Exercise description: Leave out the pictures and output exactly the lines below from the one with "這款作品造型端和經(jīng" down to the one with "14kt White Gold", both of them included.

Source data:
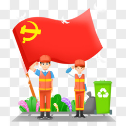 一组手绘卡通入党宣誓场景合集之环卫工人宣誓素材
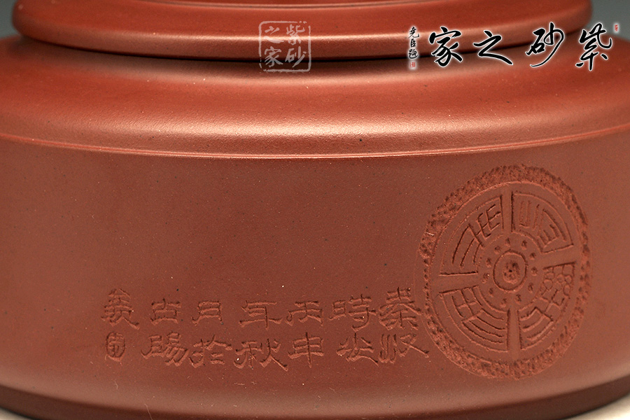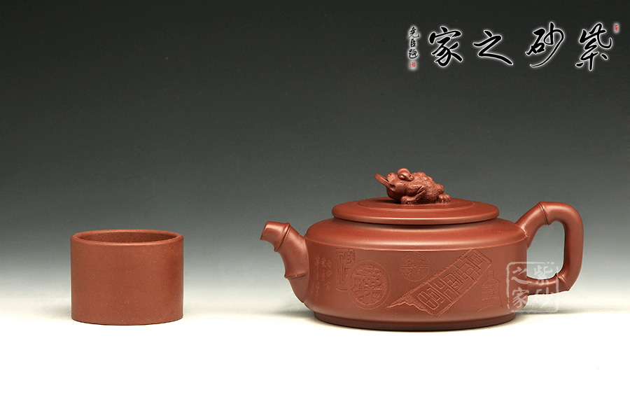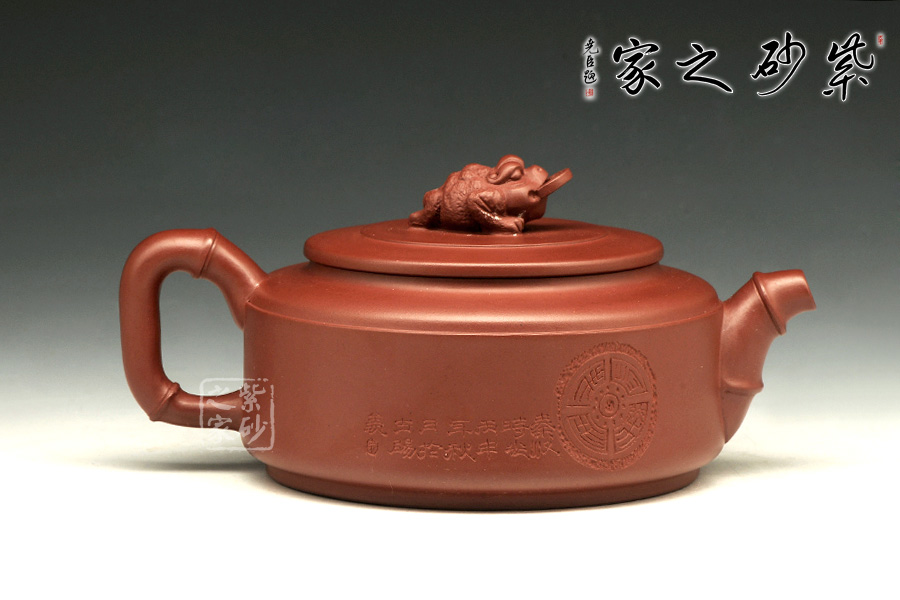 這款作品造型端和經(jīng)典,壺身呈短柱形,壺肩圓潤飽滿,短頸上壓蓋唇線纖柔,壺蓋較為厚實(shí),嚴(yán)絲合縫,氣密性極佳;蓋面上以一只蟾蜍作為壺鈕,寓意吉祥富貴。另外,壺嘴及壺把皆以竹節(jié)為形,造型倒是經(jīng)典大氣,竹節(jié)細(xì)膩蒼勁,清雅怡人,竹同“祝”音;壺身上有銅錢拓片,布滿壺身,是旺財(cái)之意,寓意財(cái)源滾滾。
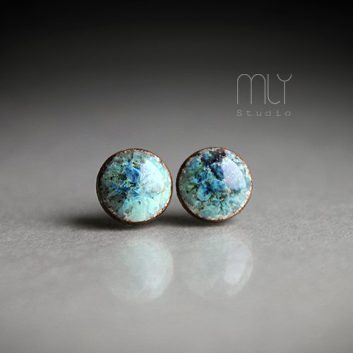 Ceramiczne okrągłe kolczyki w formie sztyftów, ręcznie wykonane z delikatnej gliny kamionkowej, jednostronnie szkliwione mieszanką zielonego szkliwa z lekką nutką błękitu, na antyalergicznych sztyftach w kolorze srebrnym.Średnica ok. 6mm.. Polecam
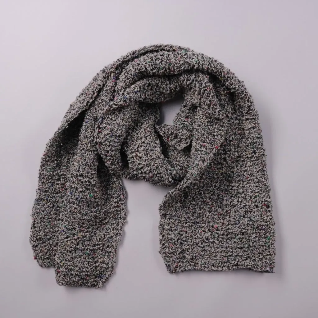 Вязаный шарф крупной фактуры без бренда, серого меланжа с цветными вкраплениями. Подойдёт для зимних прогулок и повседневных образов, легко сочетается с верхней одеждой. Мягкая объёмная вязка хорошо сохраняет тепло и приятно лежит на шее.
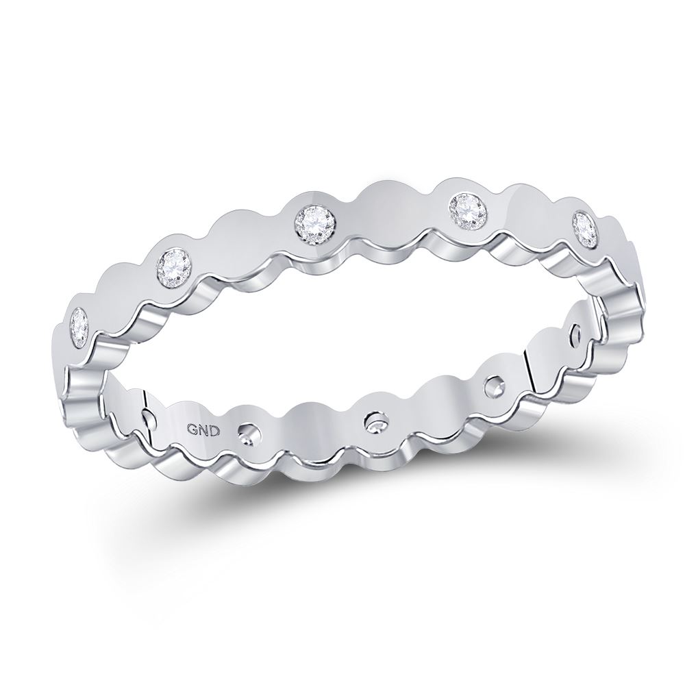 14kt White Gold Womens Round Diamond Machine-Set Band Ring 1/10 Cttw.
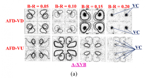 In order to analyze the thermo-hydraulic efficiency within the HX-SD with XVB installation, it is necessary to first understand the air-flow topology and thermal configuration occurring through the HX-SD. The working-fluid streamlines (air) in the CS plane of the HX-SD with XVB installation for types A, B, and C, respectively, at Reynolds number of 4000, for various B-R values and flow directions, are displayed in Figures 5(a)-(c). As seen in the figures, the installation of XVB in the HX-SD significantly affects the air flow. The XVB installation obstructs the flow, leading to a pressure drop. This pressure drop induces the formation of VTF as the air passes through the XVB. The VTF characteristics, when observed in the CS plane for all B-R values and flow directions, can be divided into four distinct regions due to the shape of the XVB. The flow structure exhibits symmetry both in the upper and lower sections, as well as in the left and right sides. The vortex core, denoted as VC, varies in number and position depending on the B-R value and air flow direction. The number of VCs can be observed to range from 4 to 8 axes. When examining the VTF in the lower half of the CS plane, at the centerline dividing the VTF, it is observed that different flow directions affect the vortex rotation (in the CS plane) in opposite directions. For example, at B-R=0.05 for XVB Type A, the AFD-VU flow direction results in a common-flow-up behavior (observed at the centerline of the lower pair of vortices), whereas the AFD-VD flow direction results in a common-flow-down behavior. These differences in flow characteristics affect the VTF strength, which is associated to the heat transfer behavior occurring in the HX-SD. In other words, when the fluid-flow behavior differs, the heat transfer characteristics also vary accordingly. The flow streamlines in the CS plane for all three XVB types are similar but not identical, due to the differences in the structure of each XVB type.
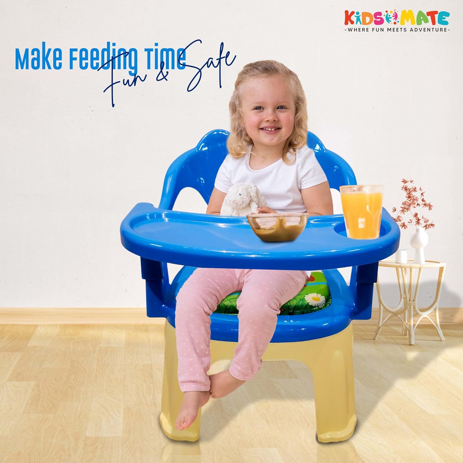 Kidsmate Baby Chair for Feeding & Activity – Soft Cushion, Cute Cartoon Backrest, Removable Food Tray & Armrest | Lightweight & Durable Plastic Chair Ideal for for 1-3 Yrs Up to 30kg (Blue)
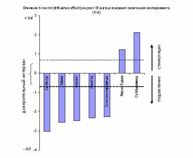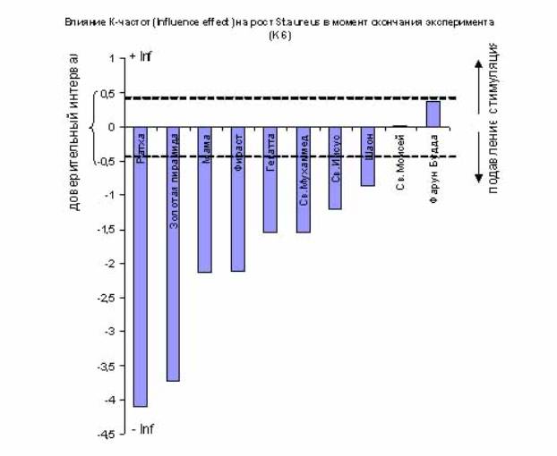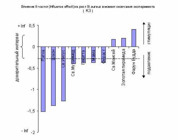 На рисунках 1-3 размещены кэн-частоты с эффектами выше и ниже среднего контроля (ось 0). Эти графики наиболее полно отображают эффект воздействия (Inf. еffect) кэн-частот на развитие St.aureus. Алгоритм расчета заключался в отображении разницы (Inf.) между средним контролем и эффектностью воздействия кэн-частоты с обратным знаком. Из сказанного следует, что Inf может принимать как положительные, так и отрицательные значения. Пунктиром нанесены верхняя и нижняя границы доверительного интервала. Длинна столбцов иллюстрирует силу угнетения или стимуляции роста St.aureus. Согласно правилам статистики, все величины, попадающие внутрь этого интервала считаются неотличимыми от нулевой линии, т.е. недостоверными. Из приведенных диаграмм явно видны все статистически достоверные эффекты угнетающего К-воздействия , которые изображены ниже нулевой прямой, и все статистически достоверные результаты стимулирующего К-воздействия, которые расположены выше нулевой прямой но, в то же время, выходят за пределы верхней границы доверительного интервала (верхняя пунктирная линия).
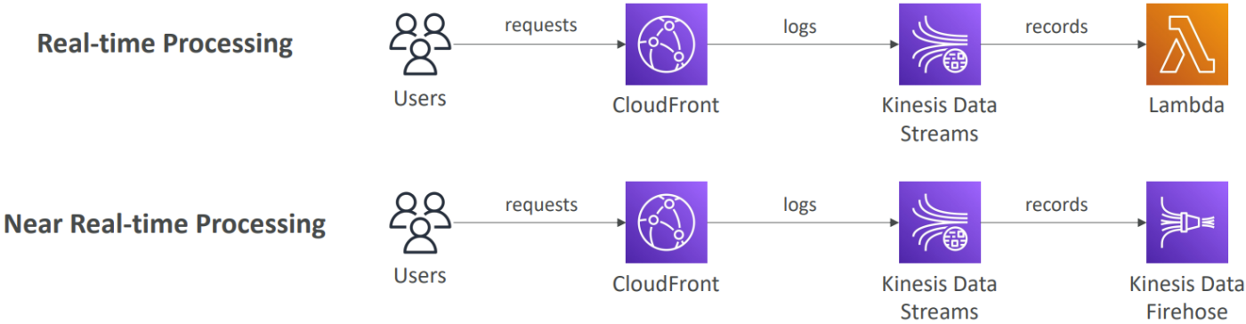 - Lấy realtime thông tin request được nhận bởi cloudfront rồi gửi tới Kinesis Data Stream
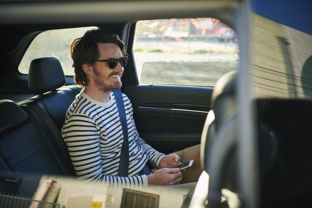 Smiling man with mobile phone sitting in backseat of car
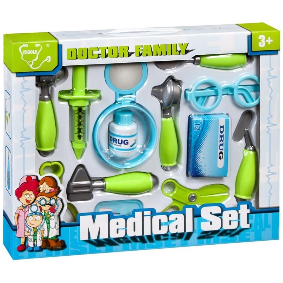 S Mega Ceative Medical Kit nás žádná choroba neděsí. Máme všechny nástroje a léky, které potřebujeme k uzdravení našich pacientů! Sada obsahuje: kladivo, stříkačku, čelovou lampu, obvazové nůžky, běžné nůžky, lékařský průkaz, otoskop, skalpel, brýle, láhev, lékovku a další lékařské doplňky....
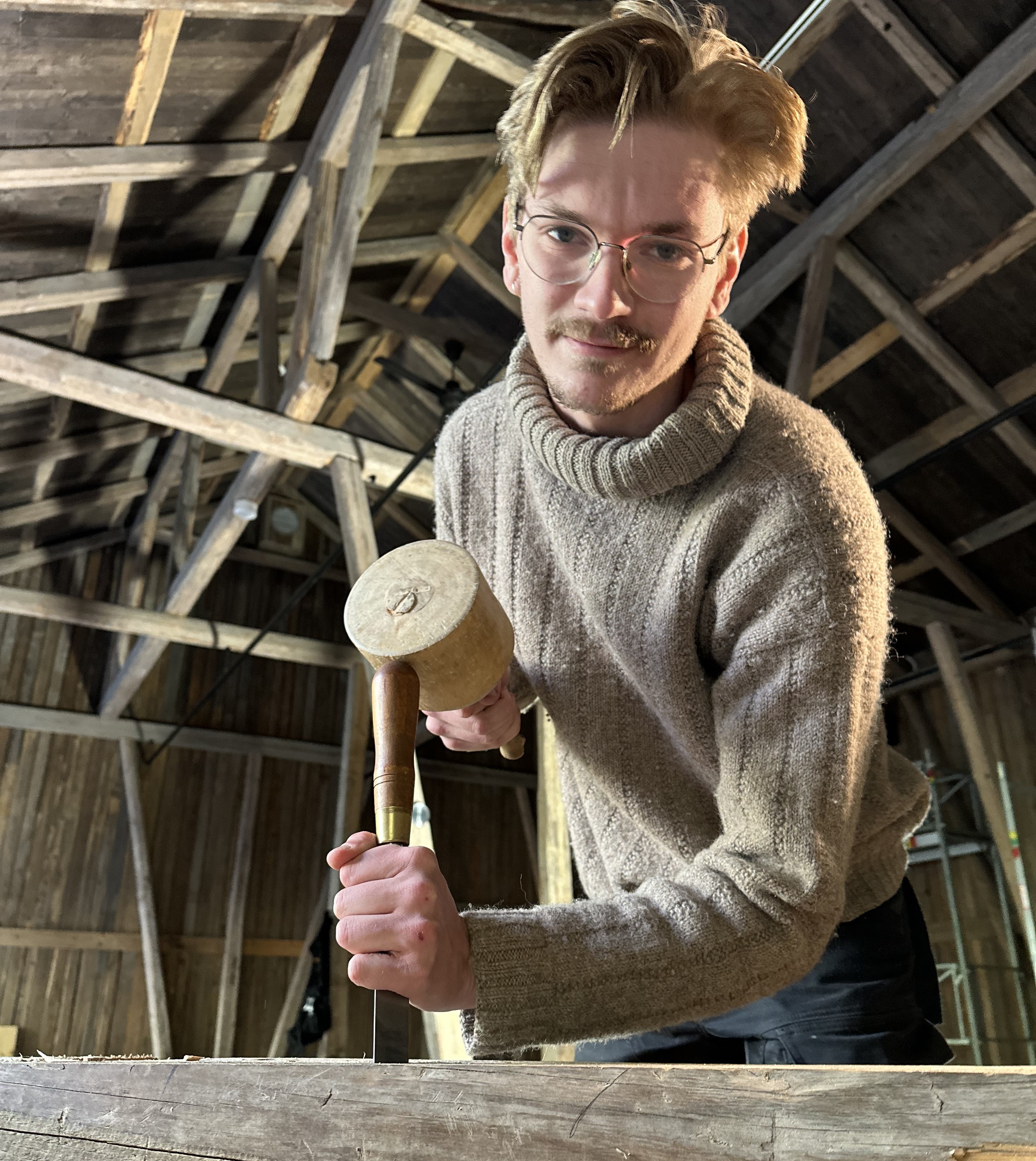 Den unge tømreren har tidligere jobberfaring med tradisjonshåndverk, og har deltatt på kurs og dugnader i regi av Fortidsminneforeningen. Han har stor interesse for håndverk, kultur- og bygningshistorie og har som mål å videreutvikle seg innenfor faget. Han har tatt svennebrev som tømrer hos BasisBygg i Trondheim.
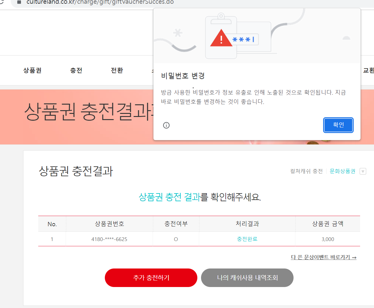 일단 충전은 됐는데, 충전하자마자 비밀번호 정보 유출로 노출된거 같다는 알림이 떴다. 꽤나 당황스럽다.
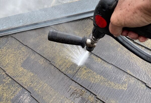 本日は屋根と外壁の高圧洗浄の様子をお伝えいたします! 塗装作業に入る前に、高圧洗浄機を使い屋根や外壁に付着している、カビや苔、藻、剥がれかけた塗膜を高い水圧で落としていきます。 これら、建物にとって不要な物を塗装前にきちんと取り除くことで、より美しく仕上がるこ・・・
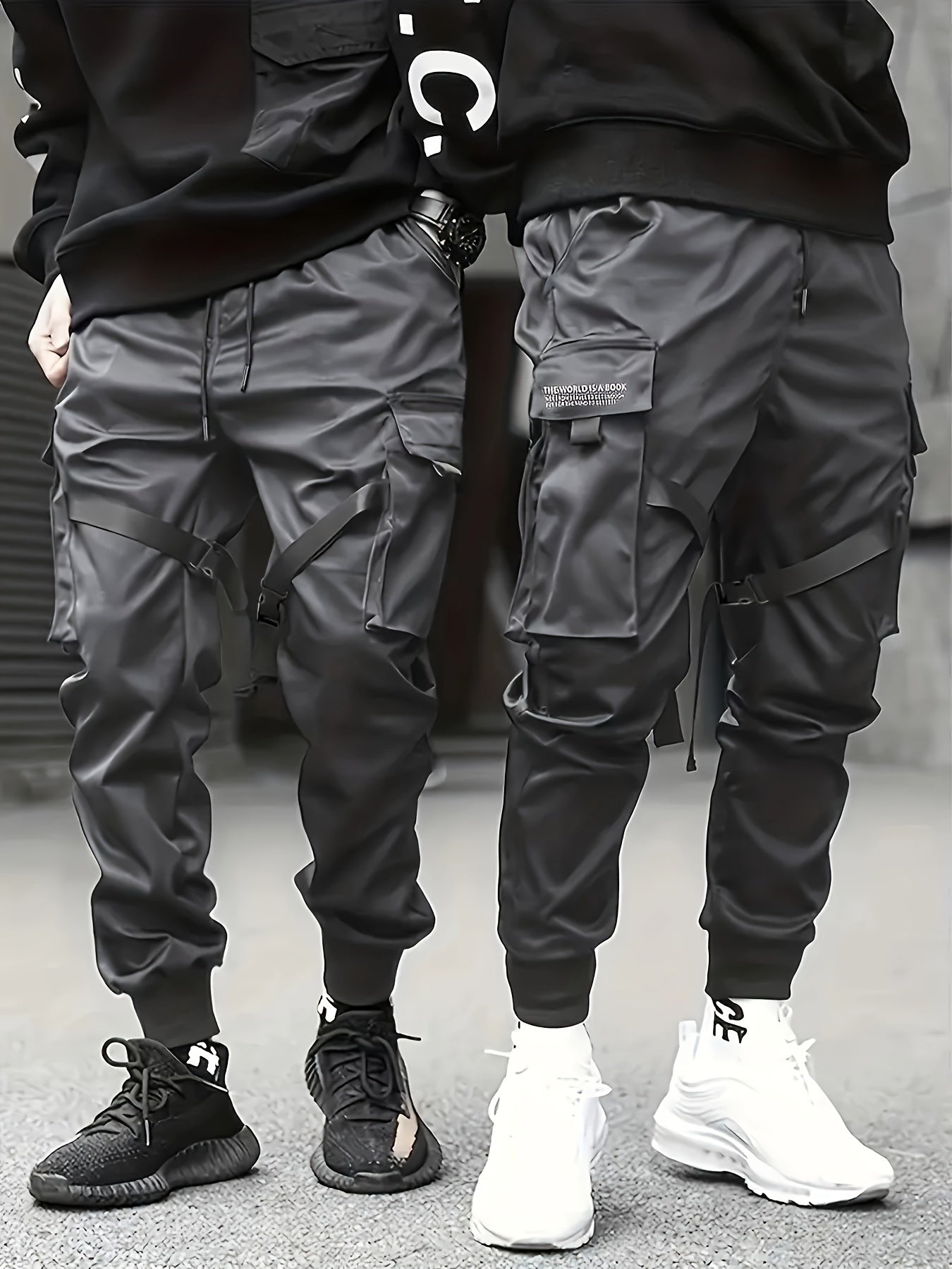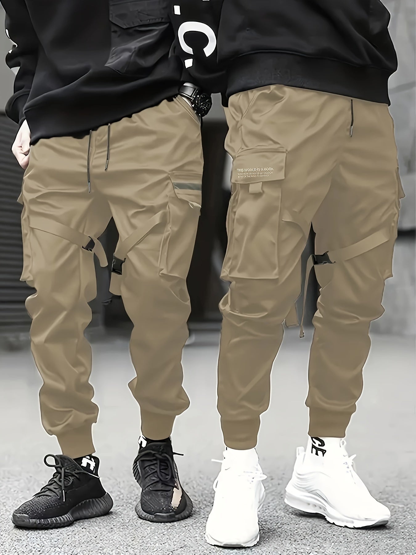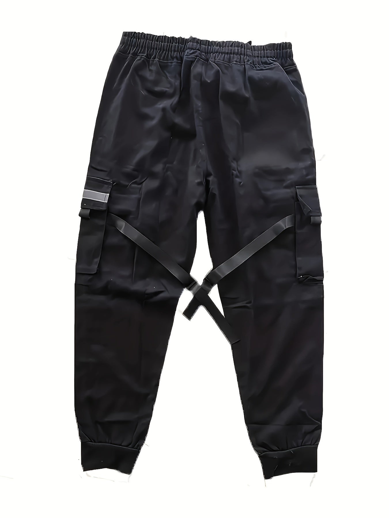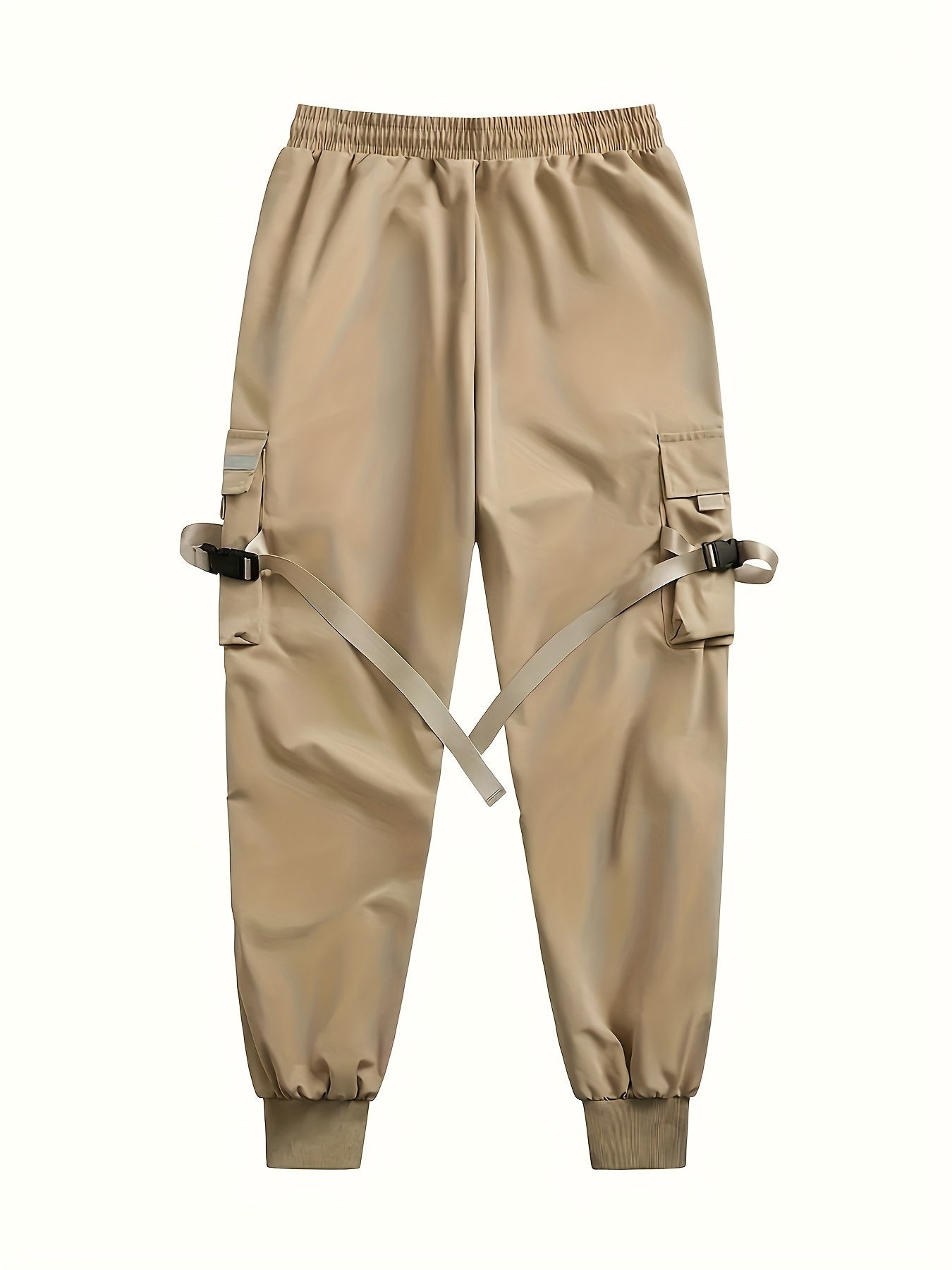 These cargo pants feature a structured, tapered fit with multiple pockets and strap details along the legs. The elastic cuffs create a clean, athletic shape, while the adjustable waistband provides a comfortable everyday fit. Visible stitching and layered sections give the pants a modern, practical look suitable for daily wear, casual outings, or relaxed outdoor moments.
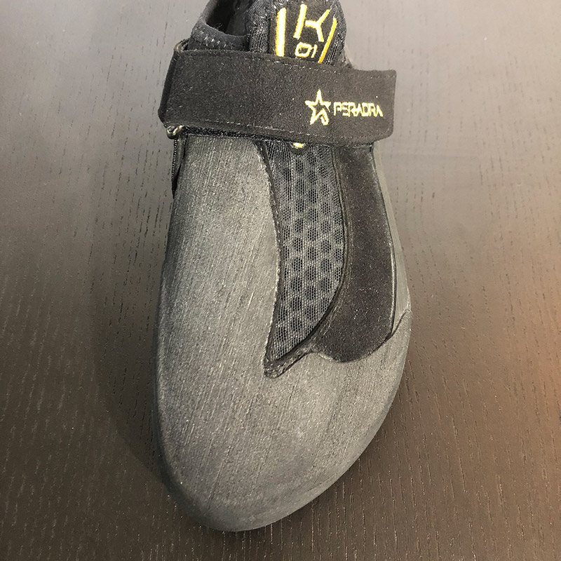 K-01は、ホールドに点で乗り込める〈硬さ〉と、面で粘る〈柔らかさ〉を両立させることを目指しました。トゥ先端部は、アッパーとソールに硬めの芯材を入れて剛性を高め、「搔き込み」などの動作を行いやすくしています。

Problem solution:
 這款作品造型端和經(jīng)典,壺身呈短柱形,壺肩圓潤飽滿,短頸上壓蓋唇線纖柔,壺蓋較為厚實(shí),嚴(yán)絲合縫,氣密性極佳;蓋面上以一只蟾蜍作為壺鈕,寓意吉祥富貴。另外,壺嘴及壺把皆以竹節(jié)為形,造型倒是經(jīng)典大氣,竹節(jié)細(xì)膩蒼勁,清雅怡人,竹同“祝”音;壺身上有銅錢拓片,布滿壺身,是旺財(cái)之意,寓意財(cái)源滾滾。
 Ceramiczne okrągłe kolczyki w formie sztyftów, ręcznie wykonane z delikatnej gliny kamionkowej, jednostronnie szkliwione mieszanką zielonego szkliwa z lekką nutką błękitu, na antyalergicznych sztyftach w kolorze srebrnym.Średnica ok. 6mm.. Polecam
 Вязаный шарф крупной фактуры без бренда, серого меланжа с цветными вкраплениями. Подойдёт для зимних прогулок и повседневных образов, легко сочетается с верхней одеждой. Мягкая объёмная вязка хорошо сохраняет тепло и приятно лежит на шее.
 14kt White Gold Womens Round Diamond Machine-Set Band Ring 1/10 Cttw.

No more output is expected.